# Angeln im Mossø



## barchetta666 (23. Mai 2006)

Hallo Leute,
hat schonmal jemand von Euch im Mossø in Dänemark geangelt? Ich fahre am 10.06.06 an die Ostseite des Mossø´s. Was kann man da angeln?


----------



## FunWorld (23. Mai 2006)

*AW: Angeln im Mossø*

Hallo,

ich weiß von Barsch, Aal, Zander und Hecht. Angeblich Seeforellen.

Weitere Infos findest Du hier:http://www.angler-online.anglerwebs.de/forum/viewtopic.php?t=55&postdays=0&postorder=asc&start=0

und hier mit Artenübersicht:http://www.sportsfiskeren.dk/info/fiskevand/Aarhus_Amt/mossoe/

oder hier:http://www.cofman.de/danemark/aktivitaten/angelgewasser/nordjutland/angeln-in-mossoe.html

evtl. aktuelle Fangberichte hier:http://www.fangster.dk/default.asp?mode=rapporter&menu=Forside&mode2=fangstdato&kategori=S%F8%2FMosefiskeri&orderby=fangstdato+DESC&vaelg=05

Ich hoffe ich konnte Dir etwas helfen!?

Gruß

FunWorld :g


----------



## MefoProf (24. Mai 2006)

*AW: Angeln im Mossø*

So weit ich weiss, kann man im Mossø nur von dem Campingplatz (wenn man dort übernachtet) und zwei öffentlich zugänglichen Stellen (frei) fischen. Diese findest du hier http://www.friluftskortet.dk/details.asp?list=11,112&showmap=true&QueryString=num%3D1%26cat%3D104%26ft%3D11%5F104%252C%2B7%5F104%26d103%3D103%26showmap%3Dtrue%26amt%3D226%26CenterMapX%3D11%252C8916109610421%26CenterMapY%3D56%252C2550032291441%26OldZoomLevel%3D0%26dynX%3D%26dynY%3D%26klik%3DRadio0%26zoomlevel%3D0%26SM%5FFrifiskerier%3Don%26SM%5FBetalingsfiskerier%3Don%26dyn%2Ex%3D80%26dyn%2Ey%3D164&temaid=&tema=False


----------



## barchetta666 (2. Juli 2006)

*AW: Angeln im Mossø*

Hi Leute,

wollte Euch mal berichten was so in Mossø ging. 
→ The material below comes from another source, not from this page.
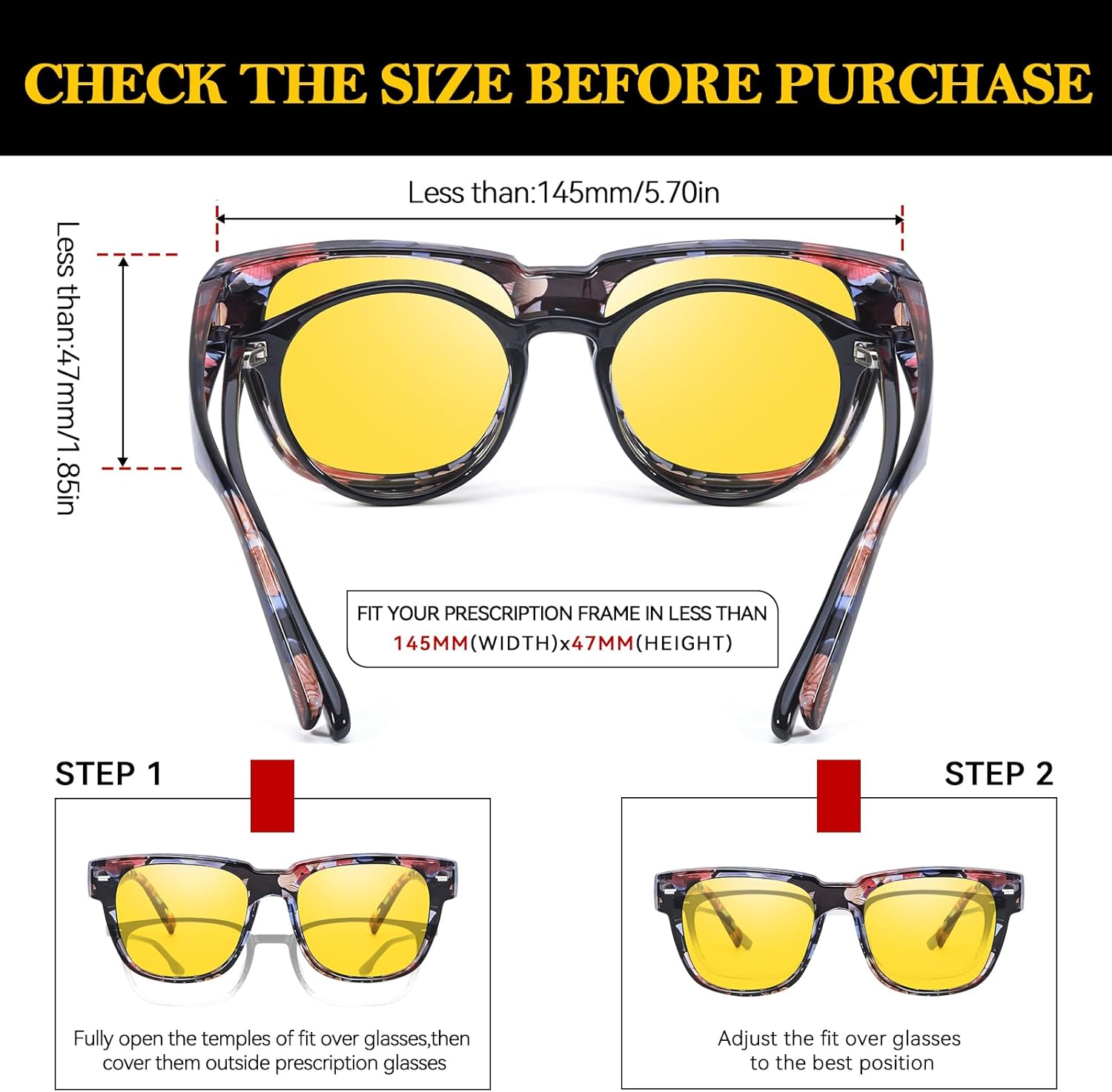 How can I be certain these TJUTR evening imaginative and prescient glasses will match over my prescription glasses?

Zunächst haben wir uns erstmal über die Tiefen des Sees informiert und danach unser Equipment sorgsam ausgewählt. Also ging es in den Angelladen. Wir haben uns dann mit Wobblern und Gummifischen verschiedener Größen ausgestattet und passende Schnurstärken eingepackt. Für die Köfi Angelei haben wir uns entsprechend mit feinem Geschirr und Futter eingedeckt. 
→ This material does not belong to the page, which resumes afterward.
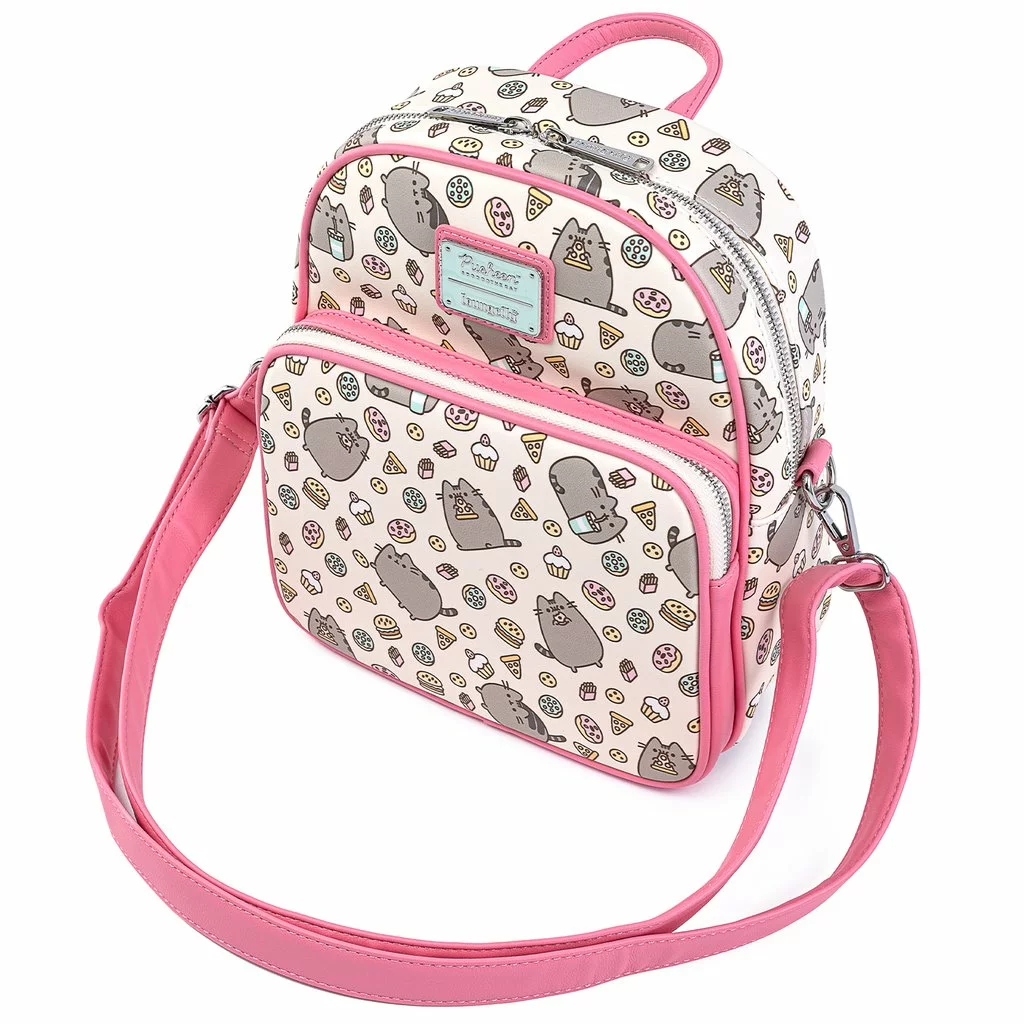 Pusheen is a tubby tabby cat who brings smiles and laughter to people all around the world. This vegan leather convertible mini backpack includes printed, removable/adjustable straps, interior lining and metal plaque details. Dimensions: W: 9″ X H: 10″ X D: 4.5″

In Dänemark angekommen waren wir beeindruckt von der Größe des Sees und waren froh, dass wir unser Echolot (nach Tipps aus dem Board - danke nochmal!) eingepackt hatten.

Am ersten Tag wollten wir erstmal für Köderfisch sorgen und sind unzählige Stellen im See ufernah abgefahren. Nichts, aber auch wirklich nichts ist da passiert und wir bekamen schon eine leise Vorahnung, dass es hier nicht einfach werden würde. Die Angelei auf Köderfische kann man in diesem See (fast ohne jeglichen Unterwasebewuchs) getrost vergessen und wir fragen uns im nachhinein, was die Raubfische in diesem See eigentlich fressen... 

Also wechselten wir abends unsere Strategie und fingen an, in der Mitte des Sees (22m) im Mittelwasser zu schleppen. Es dauerte knapp 5min bis der erste Ruck durch die Rute ging und wir drillten einen 55 Zander an Board des kleinen Ruderbootes. Noch glaubten wir an Glück, dass es so blitzartig eingeschlagen hat. Im Laufe der Woche stellte sich allerdings heraus, dass wir immer wieder auf die selben Wobbler extrem schnell fingen.

Mit dem Wissen des ersten Tages gingen wir also nächsten Tages (3 Zander in 1std) wieder auf die Jagd. Nachdem wir tagsüber nochmals auf Köfi versucht hatten fingen wir ca. gegen 19.00 an zu schleppen. Beider Ruten wurden mit einem Rapalla 9m ca. 15cm in grellen Farben ausgestattet. Und dann ging das Spiel los...

Im Schnelldurchlauf zappelte es in den Ruten und wir holten 12 Zander innerhalb von 2std. raus die eine Größe zwischen 54 und 87cm hatten. Einige kleinere aber maßige Zander haben wir schon an diesem Tag zurückgesetzt.

In den Folgetagen haben wir dann nur noch Zander über 60cm behlaten, da es einfach zu viel wurde und wir ja schließlich nur das mitnehmen wollten, was man auch wirklich verwerten kann. 

Wir haben auch mit großen Gummfischen gefangen, aber die Rapallas waren einfach unschlagbar! Alles in allem haben wir in der Woche ca. 80 Zander gefangen, wovon wir aber nur 36 mitgenommen oder gegessen haben. 

Der See scheint komplett überzandert zu sein und die Frage ist wirklich wovon die sich ernähren... Trotzdem wir ca. 70% unserer Zeit mit der Friedfischangelei verbracht haben, haben wir nicht einen einzigen Biss gehabt. Fraglich ist an diesem See zudem auch, warum eine unzählige Menge an toter Brassen auf dem See treiben, was sicher nicht für einen gesunden See spricht. Mit den besagten Forellen war auch nichts. Andere Angler haben in der ganzen Woche auch nichts außer Zander gefangen, allerdings mit einer sehr schwachen Ausbeute :q (haben alle nur auf Wurm oder Köfi probiert, bzw. später mit den falschen Gummifischen geschleppt)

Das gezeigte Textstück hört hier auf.